La métaphore filée du « flot de vin vieux » versé (v. 3-4) fait place à une métaphore plus large : celle du flux
de la mémoire.
Le buffet ne serait pas seulement un lieu de mémoire, mais l’image même de la mémoire, qui comporte sa part
de lumière à travers les souvenirs (« jaunes », « blancs ou blonds », « s’ouvrent ») mais aussi sa part d’ombre.
On trouve en effet dans le poème, en contraste avec le court champ lexical de la lumière un bref champ lexical
de l’obscurité : « sombre », « ombre » (vers 1 et 3), « noires » (v. 14).

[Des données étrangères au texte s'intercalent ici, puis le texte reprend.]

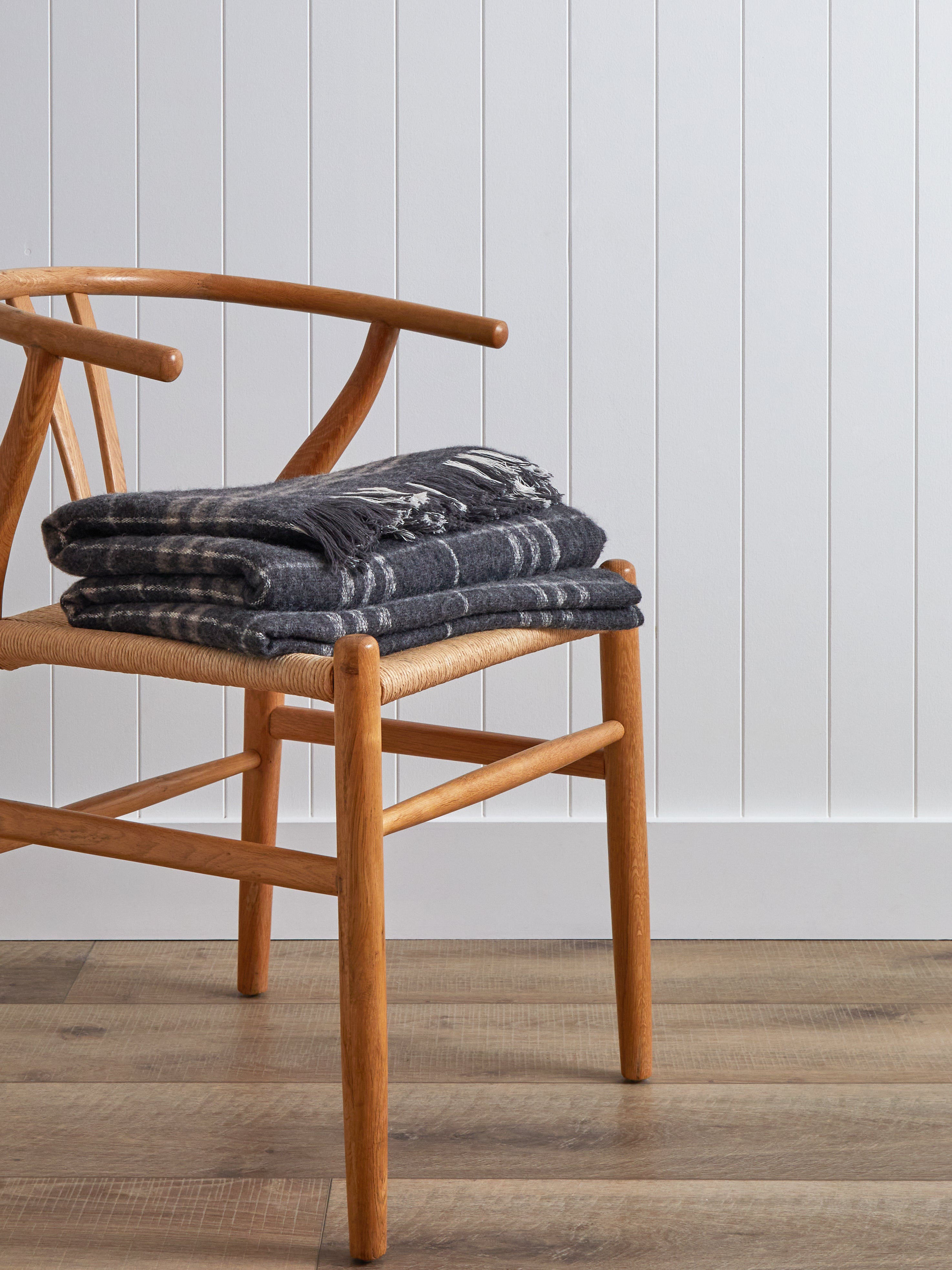 For a modern take on a classic blanket, our Kingston Woollen Blanket features a woven plaid check design in warm charcoal tones for timeless and cosy layering. The generous size of our Kingston Blanket makes it perfect for layering on beds. Woven from 65% Australian wool and 35% cotton with fringed end detailing.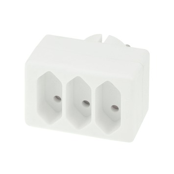 Deze driedubbele dominostekker van Exin in de kleur wit heeft een nominale stroom van 2,5 A en een aansluitingsvermogen van 1.700 watt. Verkrijgbaar in verschillende kleuren.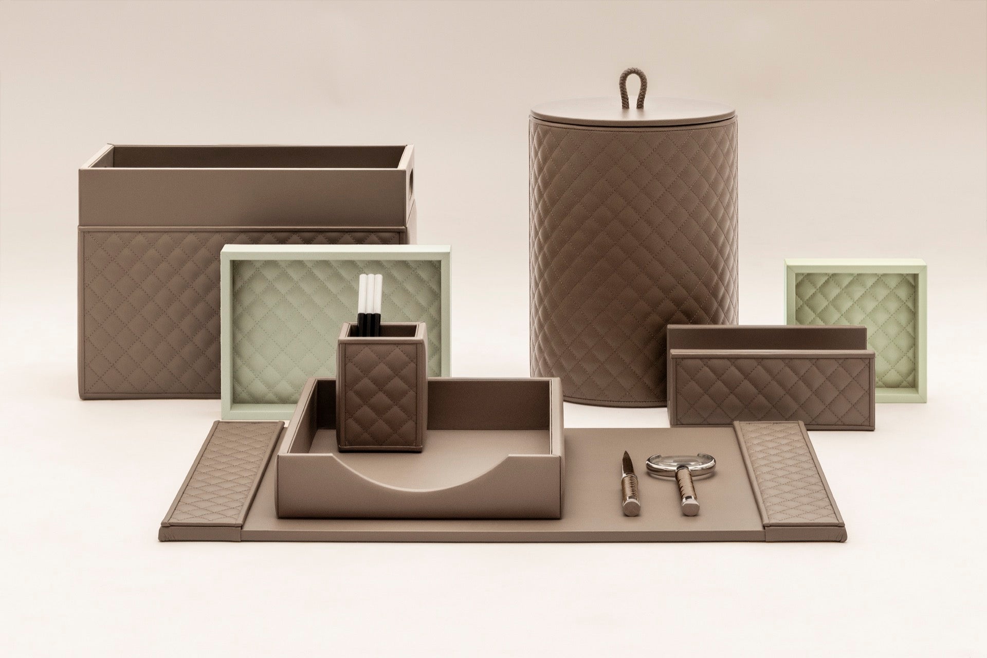 Manhattan Leather-Covered Bathroom Set | Giobagnara

Cette obscurité pourrait représenter l’oubli, limite de la mémoire.

Transition : En ouvrant les « grandes portes noires » du buffet, le poète lui (re)donne la vie.

III – Les pouvoirs de la poésie


A – Le poète animiste
(L’animisme est une croyance qui attribue une âme aux choses, aux objets, aux végétaux…)

Dans ce poème, l’auteur transforme sous nos yeux un objet banal en objet extraordinaire.

En personnifiant et en humanisant le vieux meuble, le poète lui attribue une âme.

Il s’agit d’une âme pleine (« tout plein », v. 5) de richesses, ce qui est marqué par l’abondance de termes au
pluriel :
« vieilles gens » (v. 2), « parfums engageants » (v. 4), « vieilles vieilleries », « linges odorants et jaunes », «
chiffons », « femmes », « enfants », « dentelles flétries », « fichus », « griffons » (v. 5 à 8), « les médaillons, les
mèches », « cheveux blancs ou blonds », « les portraits, les fleurs sèches », « des parfums de fruits » (v. 9 à 11),
« bien des histoires », « tes contes », « tes grandes portes noires » (v. 12-14).

Ces richesses sont représentées par l’accumulation d’objets graduellement associés à des personnes, des
sensations et des souvenirs.

Par ailleurs, la référence à l’univers fantastique à travers le terme « griffons » (v. 8 : créature fantastique à tête
de lion et corps d’aigle) renforce cette animation surnaturelle de l’objet par le poète.

L’emploi du conditionnel (« on trouverait », v. 9 et « Tu voudrais », v. 13), mode de l’irréel, souligne


également le passage dans une autre dimension, un univers fictif qui laisse place à l’imaginaire.

Avec le poète, nous entrons dans un autre monde, un autre temps.

B – Une poésie qui transcende le réel


Dans ce poème, Rimbaud nous fait passer du monde réel, représenté par le « large buffet sculpté » du 1er vers à
un monde imaginaire et intemporel .

Le passage du présent de l’indicatif, à valeur descriptive dans les deux premières strophes (« C’est », vers 1, 3,
5 et 9), au conditionnel dans les deux dernières (vers 9 et 13) traduit un passage du réel à l’irréel (le
conditionnel est le mode de l’irréel).

Par ailleurs, le présent employé dans le second tercet se rapproche d’un présent de vérité générale : « tu sais »
(v. 12), « tu bruis/Quand s’ouvrent tes grandes portes noires. » (v. 14), comme si le poète nous faisait passer
dans un monde intemporel.

Cette rupture temporelle est renforcée par la présence des tirets au début de chaque tercet (v. 9 et v. 12). Ces
tirets soulignent la séparation entre deux mondes : le monde banal de la réalité quotidienne et le monde
transformé et sublimé par le regard du poète.